Upon any sale, Trustee shall deliver its deed conveying the
property sold, without any covenant or warranty, express or
implied, to the purchaser or purchasers at the sale.  The
recitals in such deed of any matters or facts shall be conclusive
as to the accuracy thereof.  Any person, including Trustor,
Trustee or Beneficiary, may purchase at the sale.
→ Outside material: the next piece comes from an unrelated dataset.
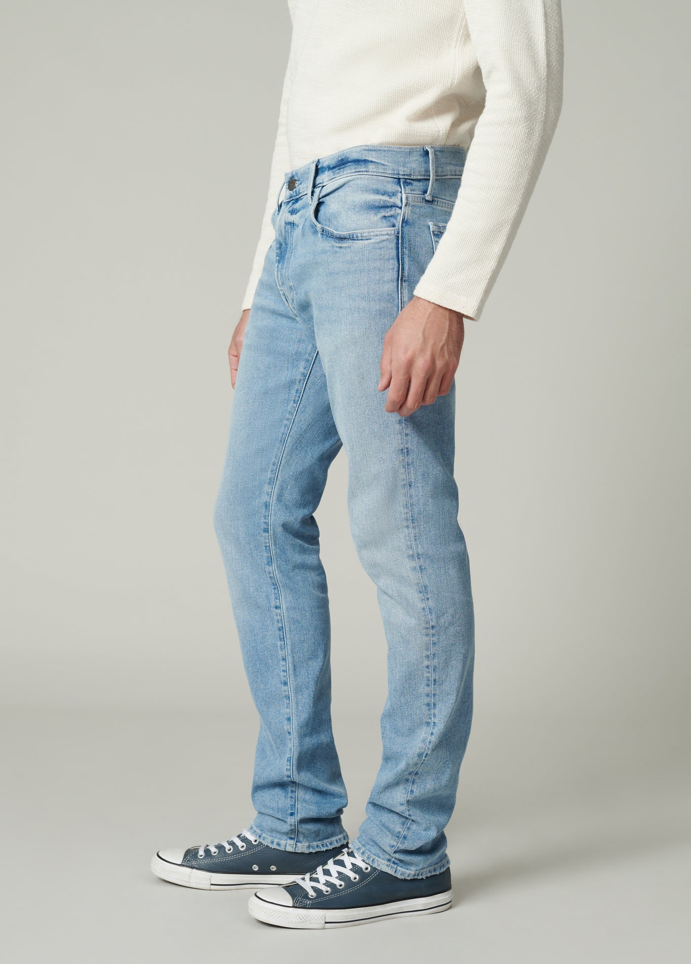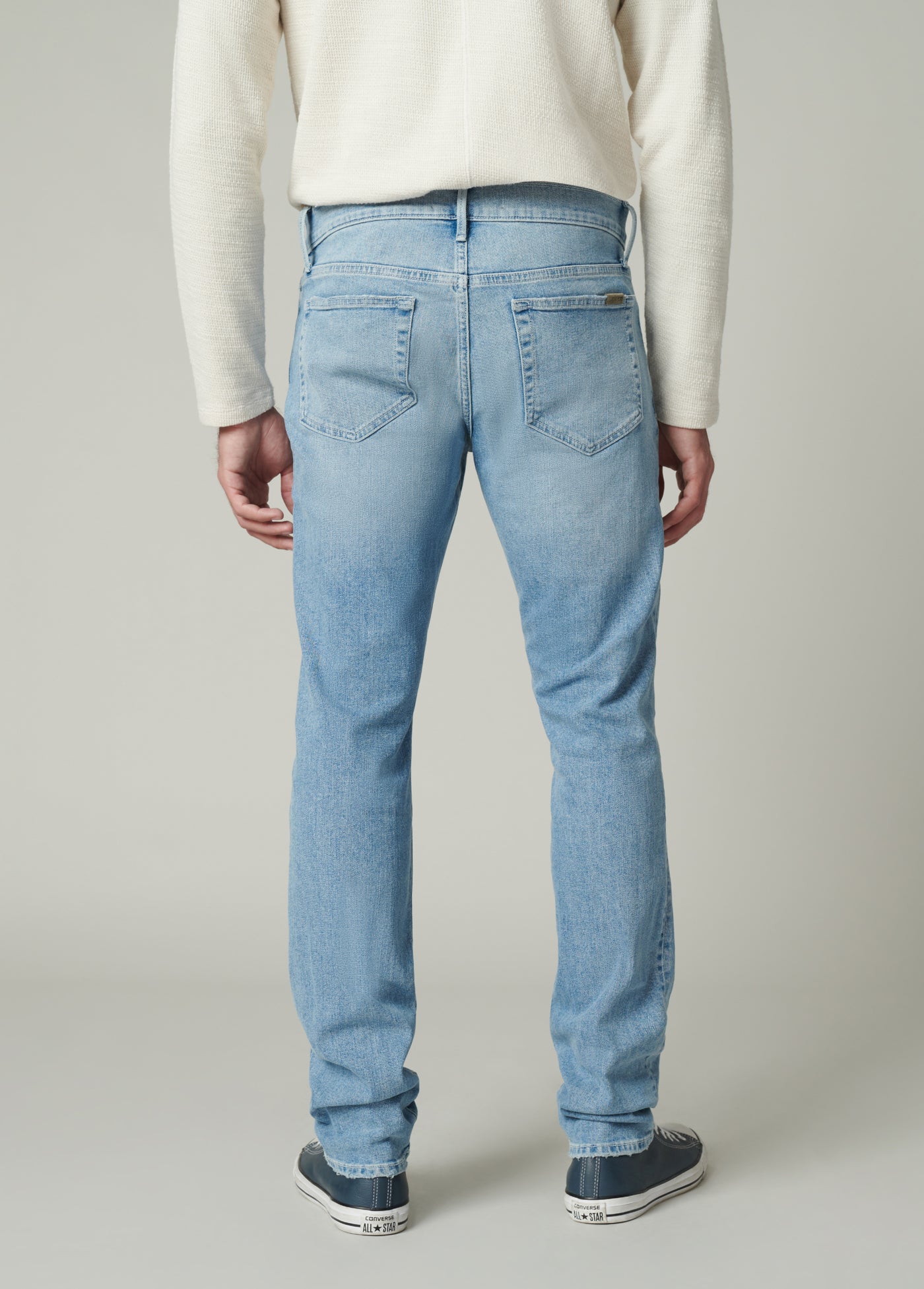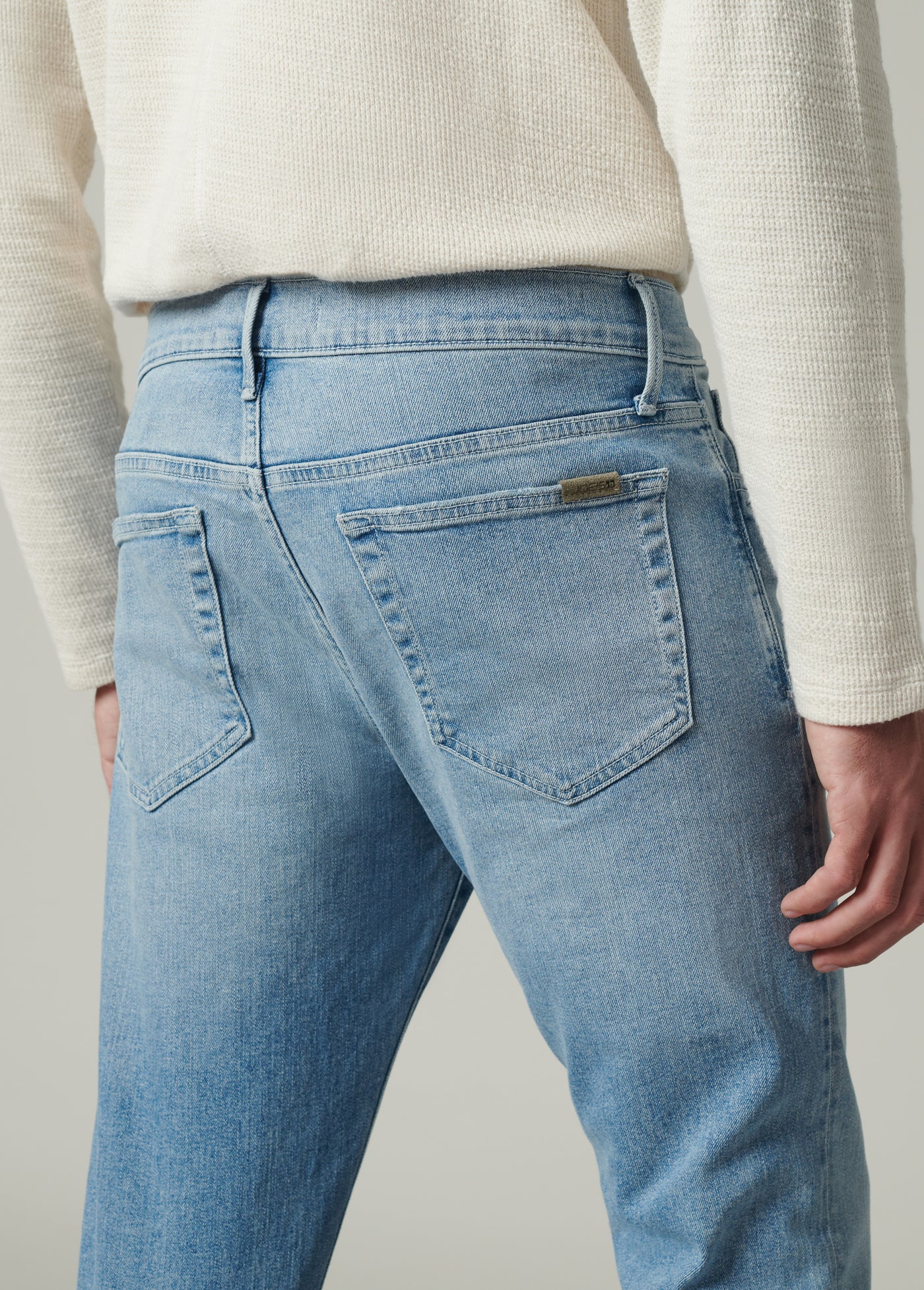 The Asher in Jaxx is a slim fit jean in a light-indigo wash. Cut from Kinetic Stretch denim designed for comfort, the Jaxx wash is finished with subtle abrasion highlighting the high-low denim details.

          (c)  Commence proceedings for foreclosure of this Deed
of Trust in the manner provided by law for the foreclosure of a
real property mortgage.

          (d)  Exercise any or all of the remedies of a secured
party under the Uniform Commercial Code with respect to the
Personal Property.  If Beneficiary should proceed to dispose of
any of the Personal Property in accordance with the provisions of
the Uniform Commercial Code, ten (10) days' notice by Beneficiary
to Trustor shall be deemed to be commercially reasonable notice
under any provision of the Uniform Commercial Code requiring
notice.  Trustor, however, agrees that all property of every
nature and description, whether real or personal, covered by this
Deed of Trust, together with all personal property used on or in
connection with the Premises or any business conducted thereon by
the Trustor and covered by separate security agreements, is
encumbered as one unit, that this Deed of Trust and such security
interests, at Beneficiary's option, may be foreclosed or sold in
the same proceeding, and that all property encumbered (both
realty and personalty), at Beneficiary's option, may be sold as
such in one unit as a going business, subject to the provisions
of applicable law.

          (e)  Without regard to the adequacy of any security for
the Obligation or the solvency of Trustor or any other person or
entity, send notifications to any and all lessees and tenants
under the Leases that all Rents shall be paid to Beneficiary.
Thereafter, Beneficiary shall be entitled to collect the Rents
until Trustor cures all Events of Default and may apply the Rents
collected at its sole discretion to the maintenance of the Trust
Property and/or the payment of the Obligation.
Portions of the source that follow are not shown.